Please restate word for word all lines from the one containing "12], the author" to the final line of the entries, and include no pictures.

[[ The data, beginning ]]

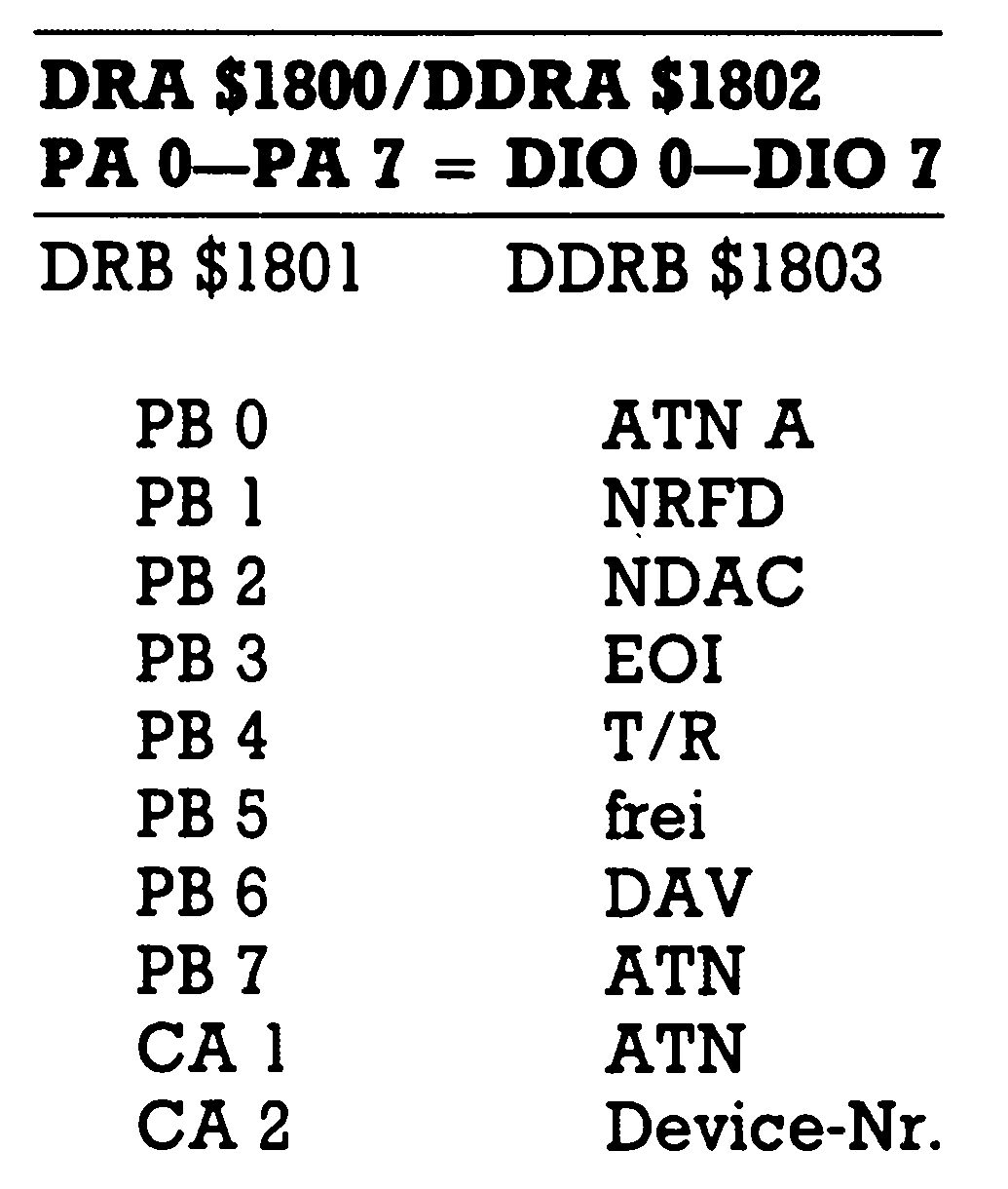 Um den parallelen Bus zu realisieren wird einer der beiden Portbausteine VIA 6522 benötigt. Dieser VIA-Baustein CVersatile Interface Adapter) ist teilweise nicht beschältet. Üm der IEC-Norm entsprechen zu können, sind acht Datenleitungen, sowie fünf Handshake-Leitungen zum Verbindungsaufbau erforderlich. Über die Handshake-Leitung teilt der Computer dem Laufwerk mit, daß er Daten senden, beziehungsweise empfangen möchte (ATN), daß die Daten gültig sind (DAV), daß keine Daten empfangen werden können (NRFD), daß die Daten noch nicht verarbeitet wurden (NDAC), oder daß die Übertragung beendet wurde (EOI). Wenn der Computer eine solche Übertragungssequenz beginnt, wird zuerst festgestellt, ob das Peripheriegerät überhaupt vorhanden beziehungsweise eingeschaltet ist (DEVICE NOT PRESENT). Hierfür sind die Leitungen »NRFD« und »NDAC« zuständig. Wird »ATN« gesetzt, so müssen beide Leitungen sofort nach Masse gezogen werden. Diese Funktion übernimmt das TTL-Gatter (EX-OR 74LS136) in der Schaltung. Die IEC-Norm schreibt weiterhin »Open-Collector«-Ausgänge vor, um mehrere Geräte anschließen zu können, das heißt die Leitungen sind im aktiven Zustand auf Masse-Potential (Low). Die 6522-VIA (Portbelegung siehe Bild 1) hat aber TTL-Pegel. Die notwendige Anpassung übernehmen die beiden IEC-Treiber 75160/161.
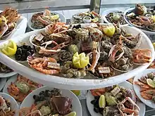 - fruits of the sea, seafood (fish, shellfish, seaweed, and other edible aquatic life)
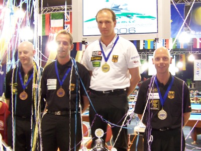 Europameisterschaft 2006 14.1-Einzel Herren in Brandenburg/Deutschland EUROPAMEISTER Oliver Ortmann VIZEMEISTER Ralf Souquet Platz 3 Christian Reimering |
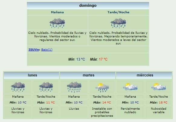 La máxima de este domingo alcanzará los 17 grados, el lunes no superará los 11 grados y el martes llegará a 14.
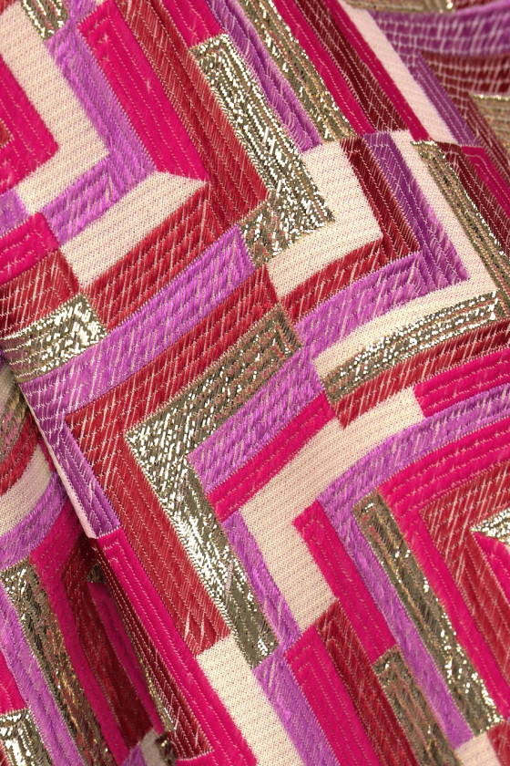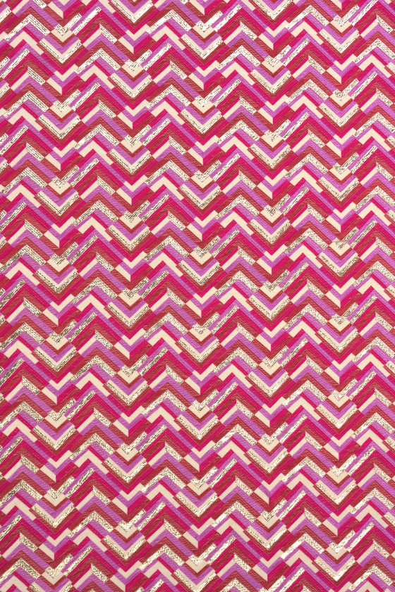 Itāļu žakarda kostīmu audums ar krāsainu zigzagu motīvu. Audums tiek turēts rozā, violetā un bēšā krāsā, un tas ir papildus dekorēts ar zelta lurex diegu, kas piešķir tai eleganci. Materiālam ir nedaudz izliekta struktūra, tas ir mīksts, vidēji biezs, necaurspīdīgs. Skaists piedāvājums kleitas, svārku un žaketes šūšanai īpašiem gadījumiem.
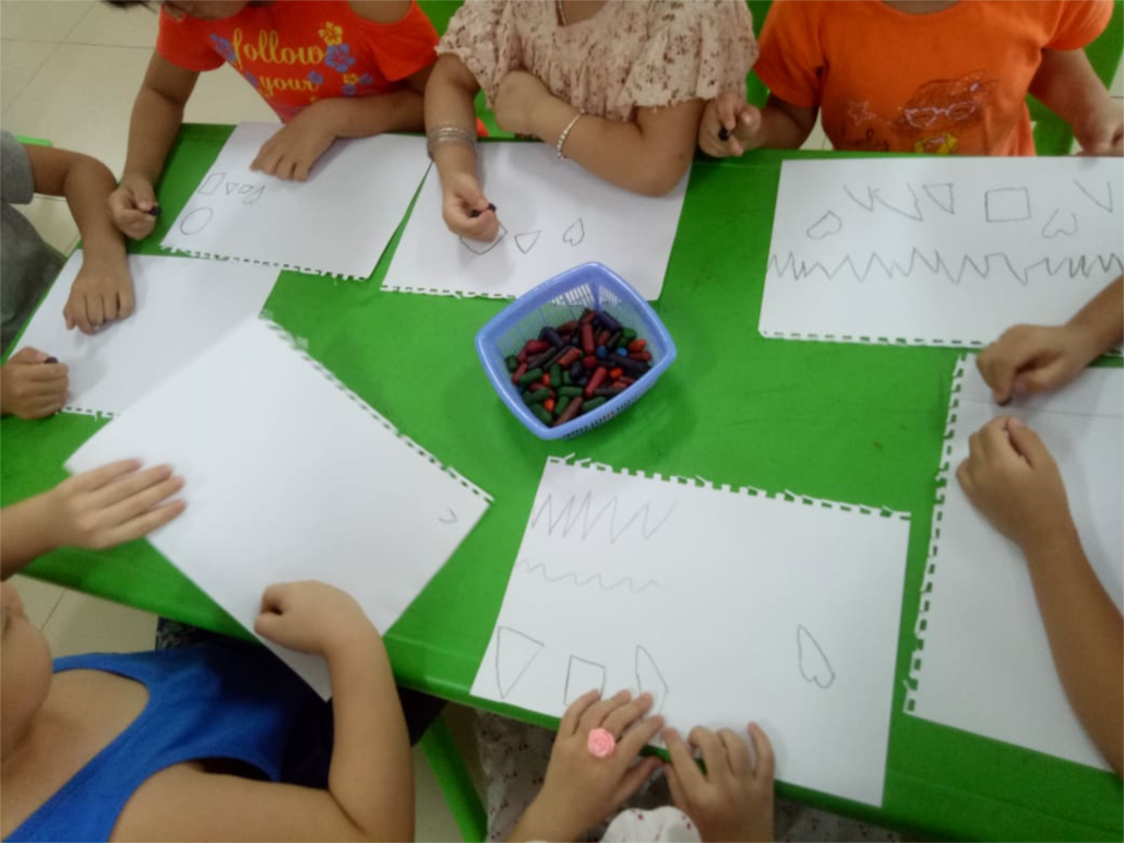 Trẻ tập vẽ và xé theo nét trẻ vẽ
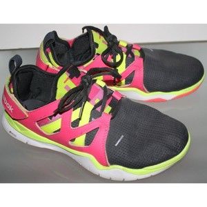 Women's Reebok Sneakers Multi-Color Sz 7 Adjustable Heel Pink Blk Yellow M48000
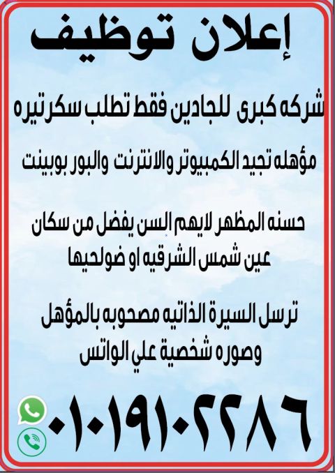 مطلوب سكرتيرة للعمل بشركة طاقة شمسيه للتواصل
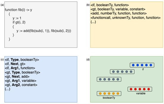 12], the author generated triplets for knowledge graph embedding, which served as embedding seeds for Yul elements. Finally, a solution was developed to calculate vector representations for Yul-based programs. This method computes the final vector representation of a Yul program by summing the vectors of all components within the program’s Abstract Syntax Tree (AST).
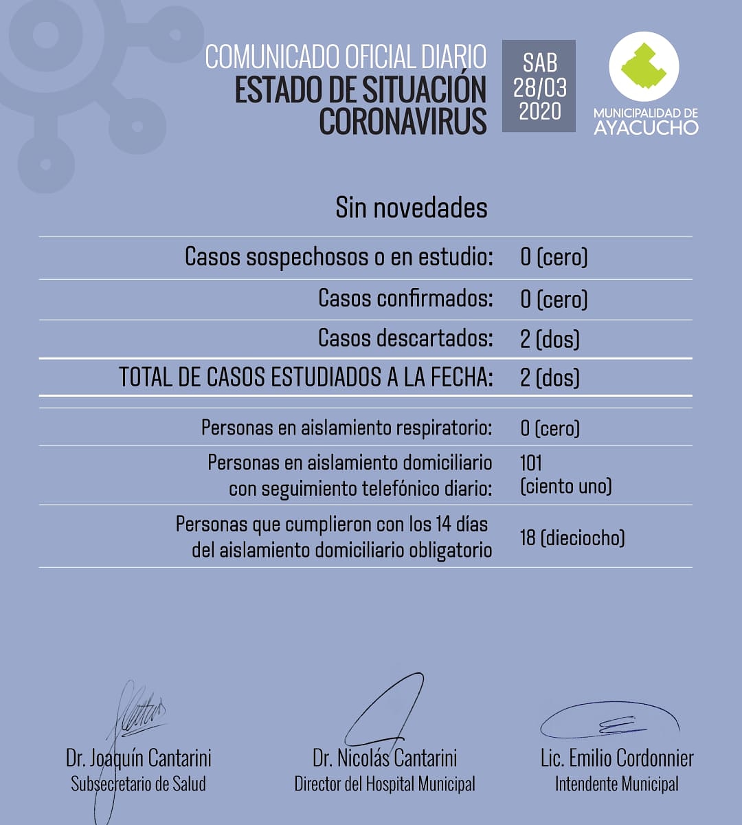 Sin novedades en el informe oficial por Coronavirus este Sábado 28
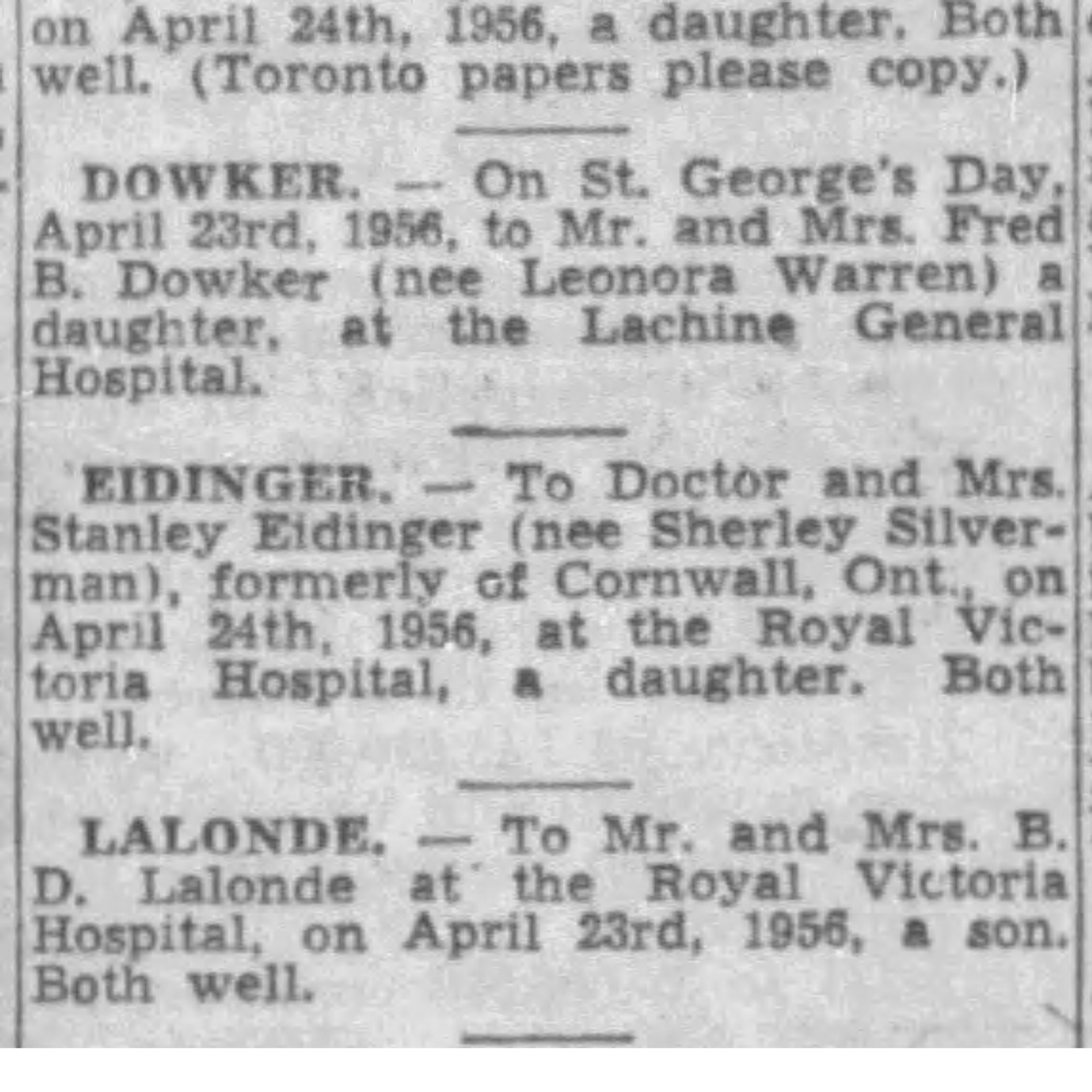Child born to Fred B. Dowker and Leonora Warren, source: the Gazette, Apr. 25, 1956

[[ The data, end ]]

▸ **Solution to the problem**:
 12], the author generated triplets for knowledge graph embedding, which served as embedding seeds for Yul elements. Finally, a solution was developed to calculate vector representations for Yul-based programs. This method computes the final vector representation of a Yul program by summing the vectors of all components within the program’s Abstract Syntax Tree (AST).
 Sin novedades en el informe oficial por Coronavirus este Sábado 28
Child born to Fred B. Dowker and Leonora Warren, source: the Gazette, Apr. 25, 1956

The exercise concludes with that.